I have a 13 handicap. but it gets lower as the season gets on. 3 was my best ever at 7230 yds. 40-50 yrs old. Now I call it diminishing skills as the war wounds creep in the the gut expands .


----------



## FrogsHair (Mar 4, 2010)

I have mixed feelings about what golf ball is best for a golfer's swing. Personally I like those yellow Volvik Crystal balls which are 70 compression. My driver speed is some where around +/- 97mph. When I can't find the Volviks I play those Bridgestone e5+, e6+, or e7+. Sometimes I play the Topflite D2 series of balls. All of those balls play about the same for me. I can't see any difference in my scores. I played that Penta 5 piece ball from Taylormade for about 10+ rounds against a cheap Topflite D2 ball. The Topflite cost about $1.20 a ball. The Penta was just a few yards longer off the tee, and nothing else about it stood out to make me think it was worth $5 a ball. I played a sleeve of those Bridgestone B330-RX which is another high dollar ball. Again, nothing that much different about it, from the other balls I have played over the past few months. 

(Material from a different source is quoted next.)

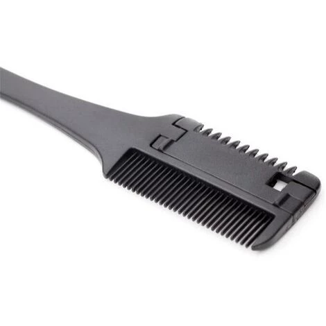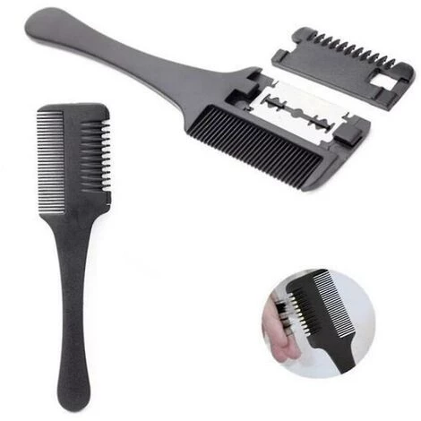 Spécification :Nom : Peigne de coupe de cheveux, brosse à cheveux avec lames de rasoirQuantité : Peigne de coupe de cheveux 1 pièceCouleur: Matériau noir : Plastique de qualitéTaille : 19 x 4,5 cm Caractéristique ; Fonction : 1 coupe de cheveux 2 coupes de cheveux 3 brosses à cheveux 4 lames tranchantes, peuvent être remplacées Liste de colisage : 1 * peigne de coupe

Now about my "mixed feelings" about which ball might be the best for a golfer. The other day on the driving range I picked up a used, beat up "Noodle" ball. This ball had definitely been "touched" a few times by someone's clubs. I threw it in my bag and forgot about it. The other day I went golfing. I went directly to the first tee, with out any warm up, or practice swings. I reached into my bag and pulled out that well used Noodle ball. Since the first three holes have lateral water hazards on the right, I decided what to heck. Why take a chance of losing one of my newer balls. I shot a 37 with it on the front nine. After nine holes I retired it because it really looked mangled. Played the back nine with a couple of different "brand new" balls and shot a 44 for my troubles. Go figure.

I know a guy (15 hdcpr) at my home course who plays those yellow, piece of junk Srixon driving range balls. He shoots in the mid/low 80s with them. He says he uses them for the "alignment" features that are painted on them. Those black lines help him putt better he says. The fact that they are a some what limited distance ball dose not bother him. 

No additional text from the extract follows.